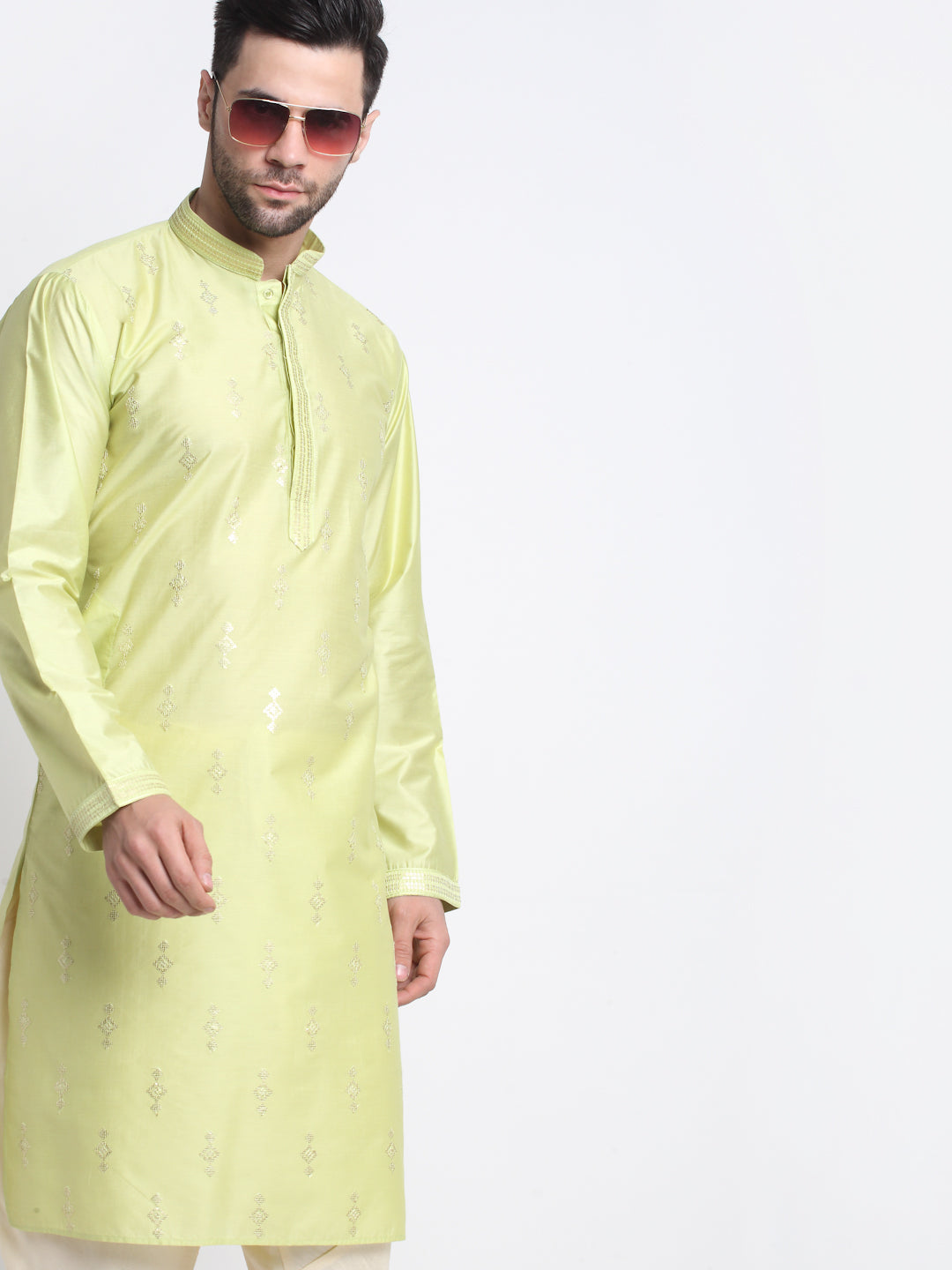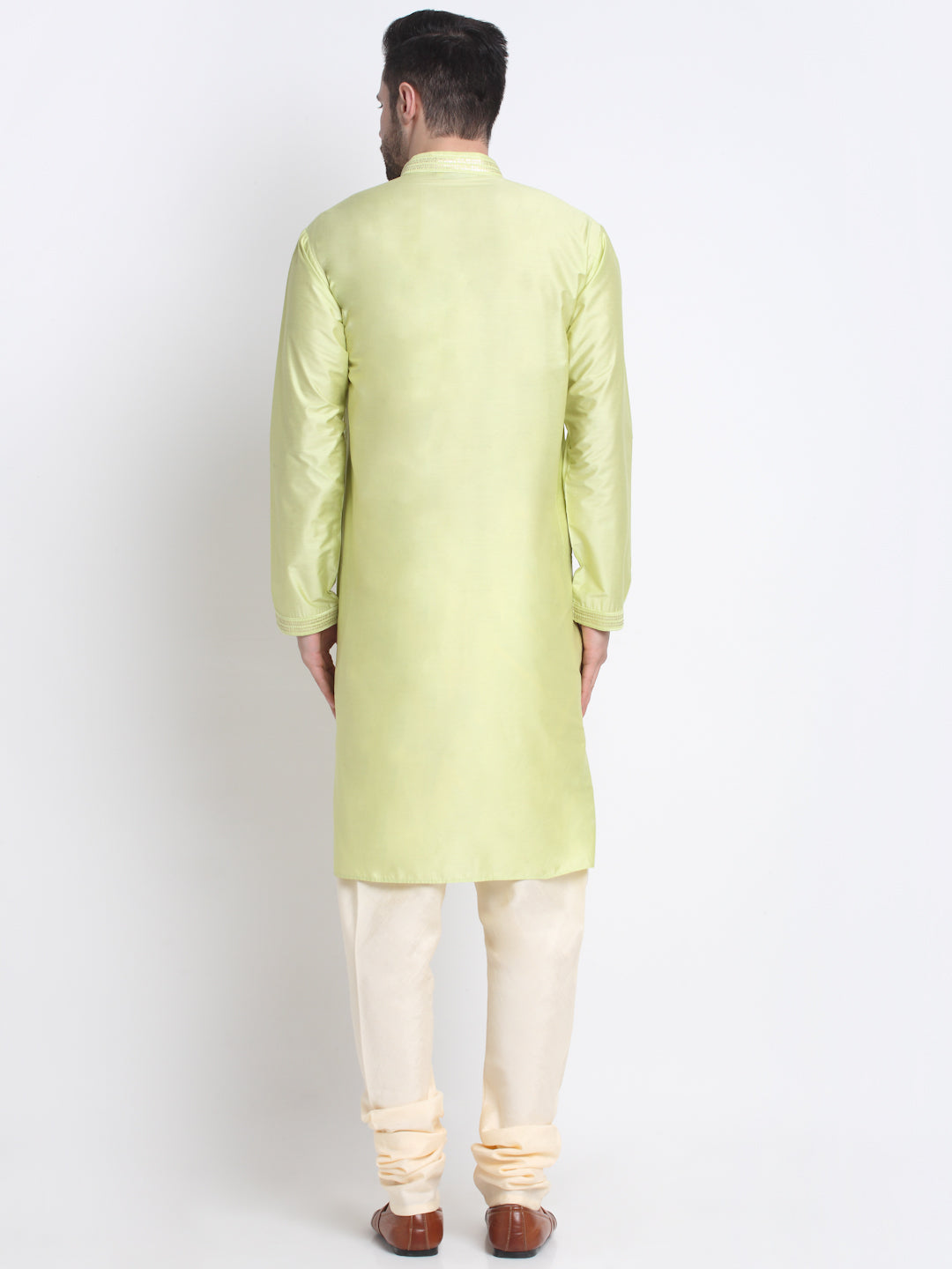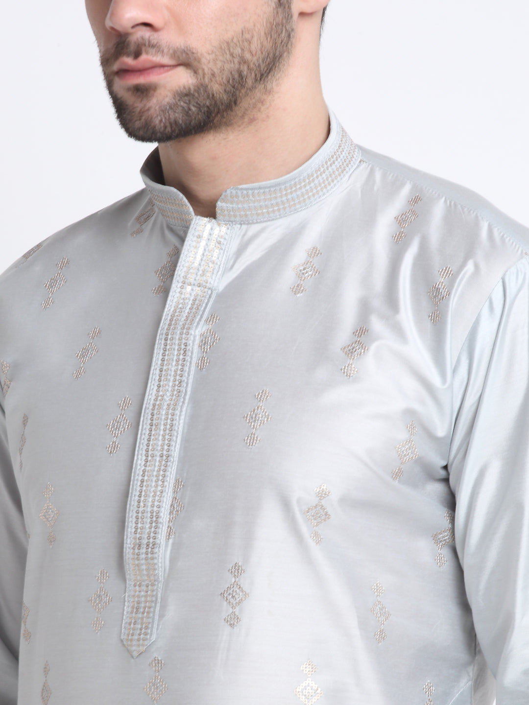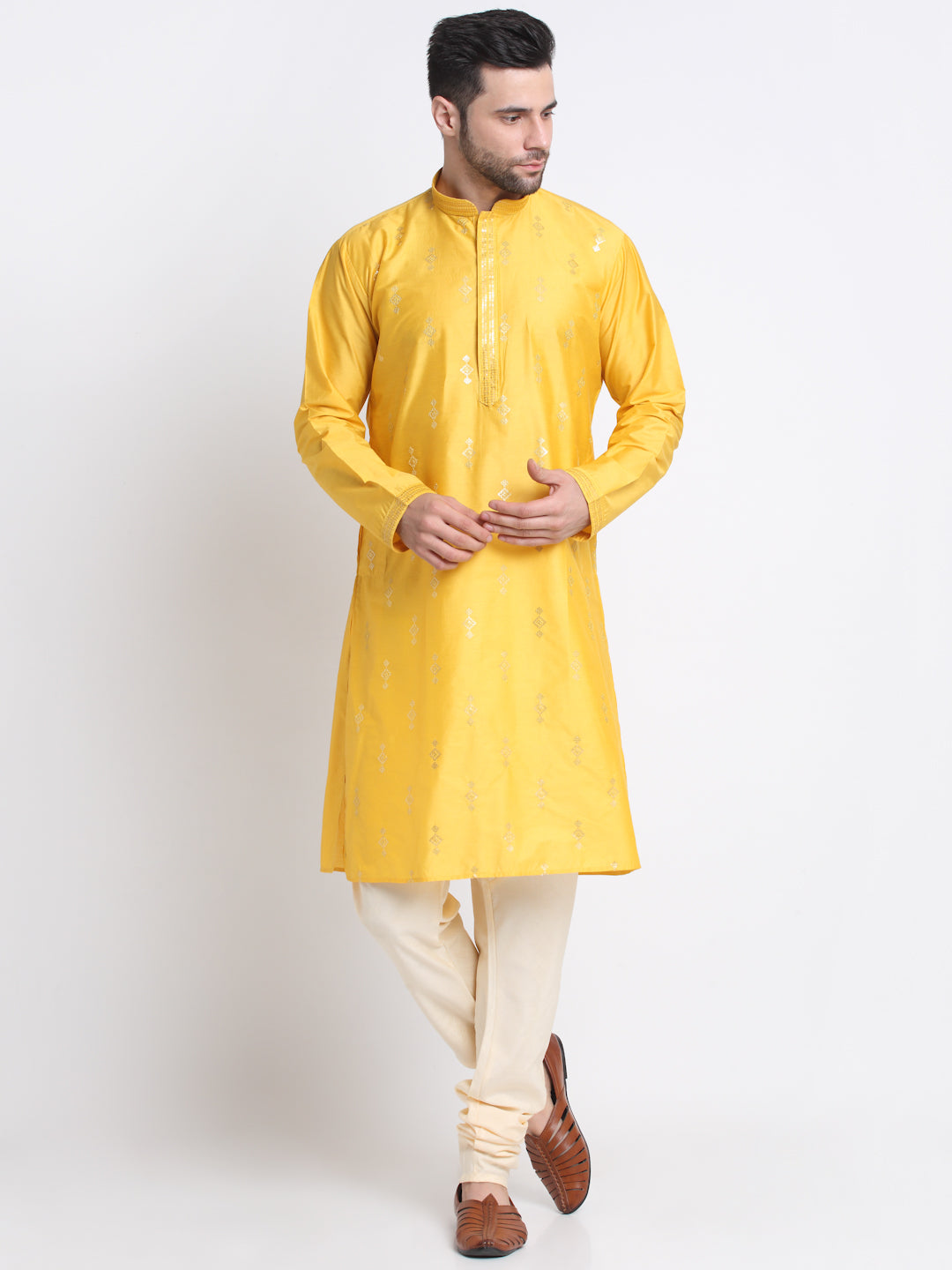Men's Silk Embroidered Sequence Kurta and Churidar Set
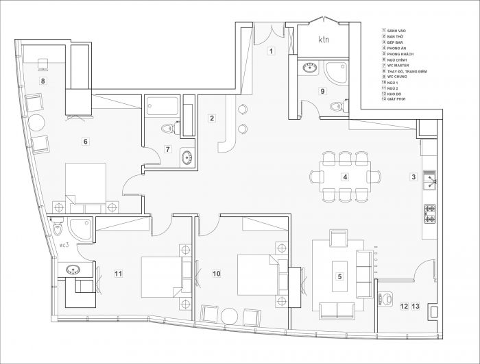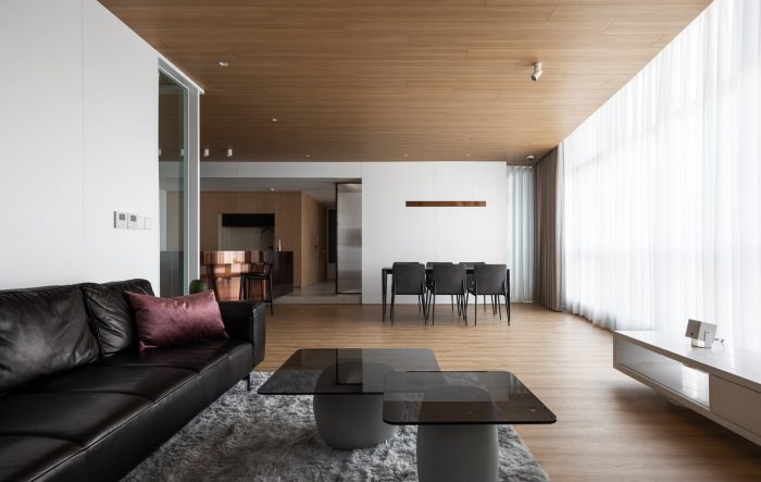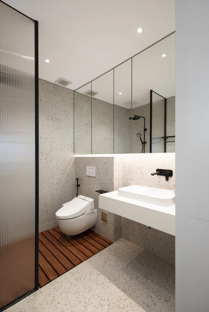 The owner of this flat told us, that he loves music and he wants a space to live but also an entertainment room, to enjoy sound and wine. Our solution here is rearrange the plan, remove some walls to make an open-living space. We use 1/2 area for kitchen and living room, also placed them in center of apartment. We called that a "chill out space". A concrete collum seem a weakness of this flat, however, we thought it would be great if turned it into a mirror cladding. In fact, that mirror collum work really well, it creat a paranoma view in spaces, there is no start or end point. Best part of master and bedrooms is that we use frosted glass as the room divider. The effects on spaces are bring out an endless view from East to West and keep family members always connected.
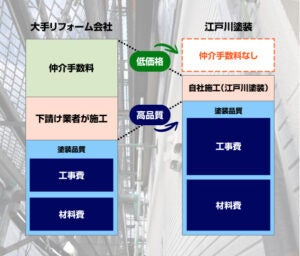 工事の保証の部分です。 江戸川塗装では地場の職人をそのまま依頼できるので価格が落とせます。
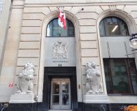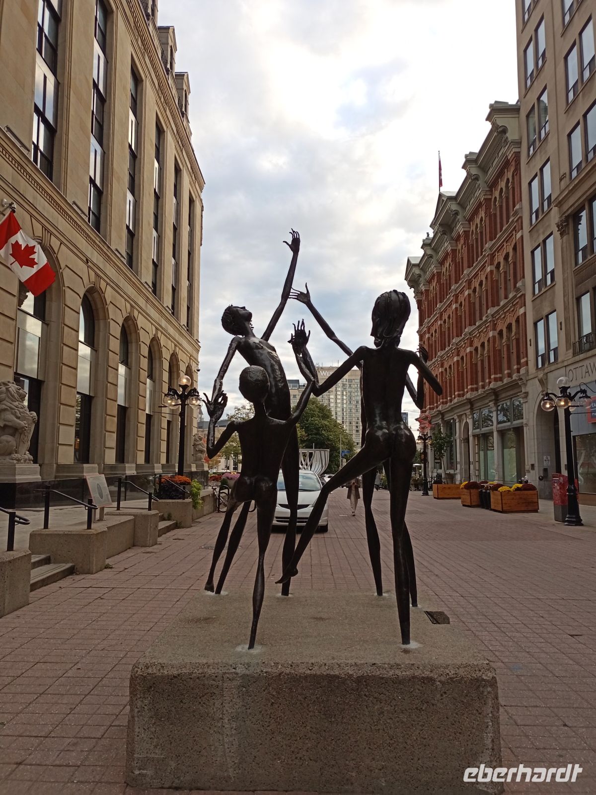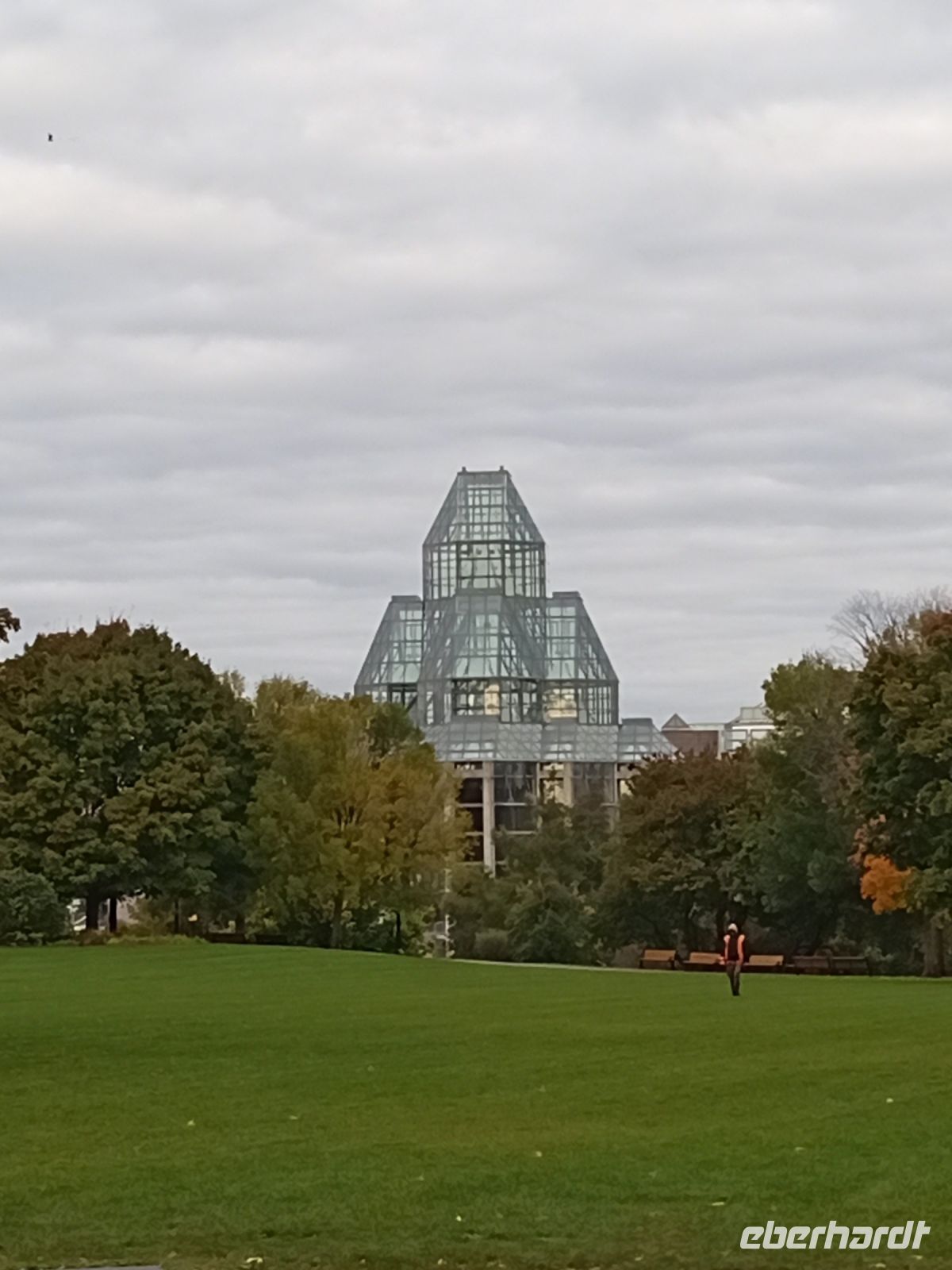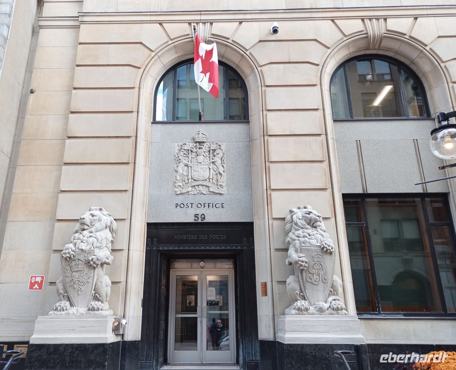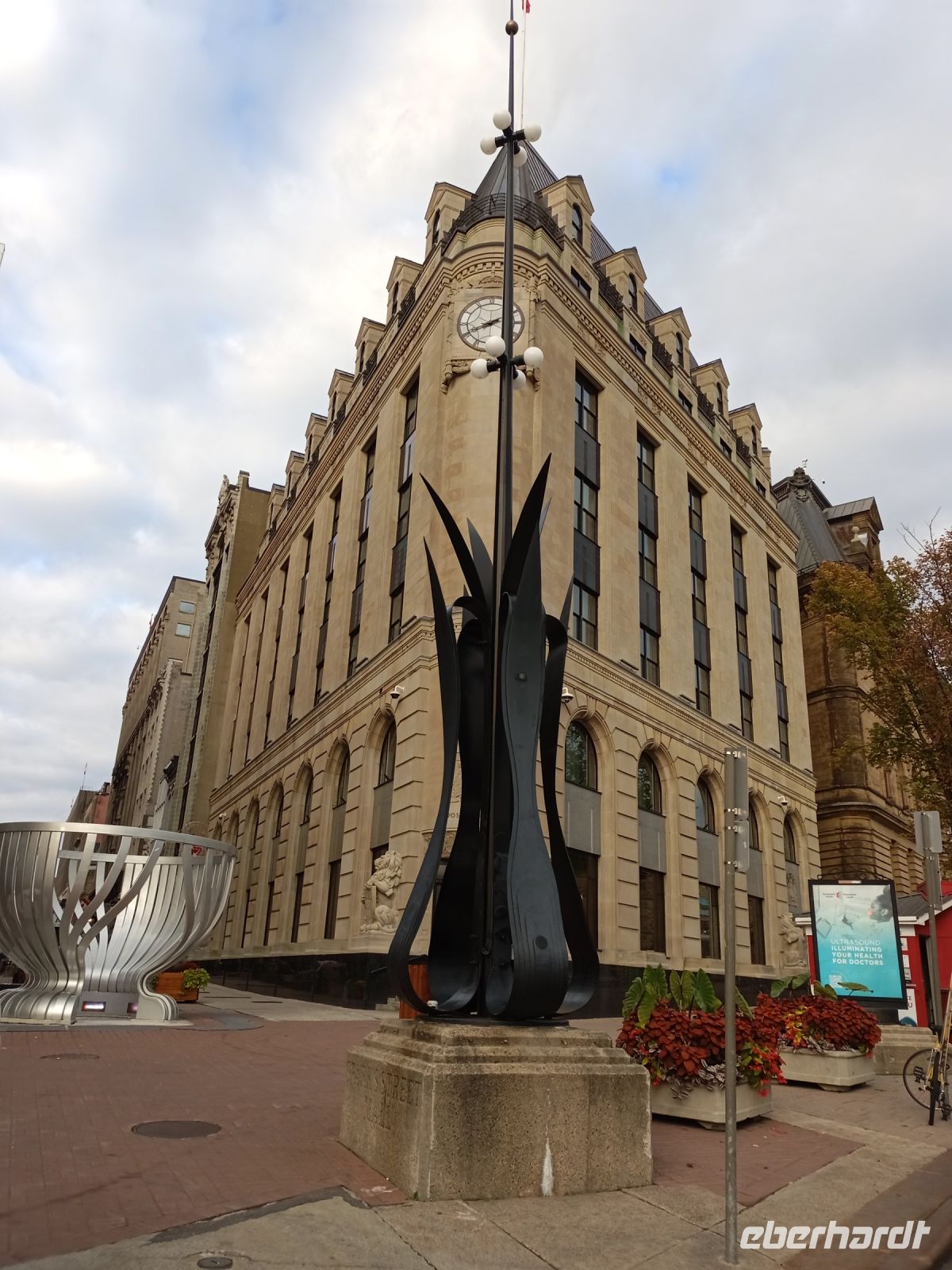 Nach einem wunderbaren Frühstück starten wir in den Tag, verabschieden uns von dem eleganten Lord Elgin Hotel, packen unsere Koffer in den Bus und erkunden Ottawa zunächst zu Fuß. Es ist noch etwas kühl und bedeckt, die Stadt wirkt noch etwas verschlafen. Marion führt uns durch die Straßen von Ottawa, zunächst durch die Sparkstreet. Hier steht am Anfang eine riesige Metallschale – was mag es wohl bedeuten? Das Lord Stanley's Gift Monument in Ottawa ist ein Denkmal zu Ehren des berühmten Stanley Cups, der begehrten Trophäe des Eishockeysports in Nordamerika. Das Monument zeigt eine überdimensionale Nachbildung des Cups, die symbolisch alle Eishockeyteams und Fans in Kanada repräsentiert, die den Stanley Cup seit über einem Jahrhundert feiern und sich um ihn bemühen. Wir gehen weiter durch die Sparkstreet, wo wir einige Stauen der modernen Kunst sehen, aber auch das historische Postgebäude aus dem Jahre 1939, das in einem sehr schönem Art-Deco-Stil gestaltet wurde.

Your assignment: Starting at the line that contains "工事の保証の部分です。 江戸", retype each line through the final one in the listing, with both ends kept and the pictures omitted.

Written answer:
 工事の保証の部分です。 江戸川塗装では地場の職人をそのまま依頼できるので価格が落とせます。
 Nach einem wunderbaren Frühstück starten wir in den Tag, verabschieden uns von dem eleganten Lord Elgin Hotel, packen unsere Koffer in den Bus und erkunden Ottawa zunächst zu Fuß. Es ist noch etwas kühl und bedeckt, die Stadt wirkt noch etwas verschlafen. Marion führt uns durch die Straßen von Ottawa, zunächst durch die Sparkstreet. Hier steht am Anfang eine riesige Metallschale – was mag es wohl bedeuten? Das Lord Stanley's Gift Monument in Ottawa ist ein Denkmal zu Ehren des berühmten Stanley Cups, der begehrten Trophäe des Eishockeysports in Nordamerika. Das Monument zeigt eine überdimensionale Nachbildung des Cups, die symbolisch alle Eishockeyteams und Fans in Kanada repräsentiert, die den Stanley Cup seit über einem Jahrhundert feiern und sich um ihn bemühen. Wir gehen weiter durch die Sparkstreet, wo wir einige Stauen der modernen Kunst sehen, aber auch das historische Postgebäude aus dem Jahre 1939, das in einem sehr schönem Art-Deco-Stil gestaltet wurde.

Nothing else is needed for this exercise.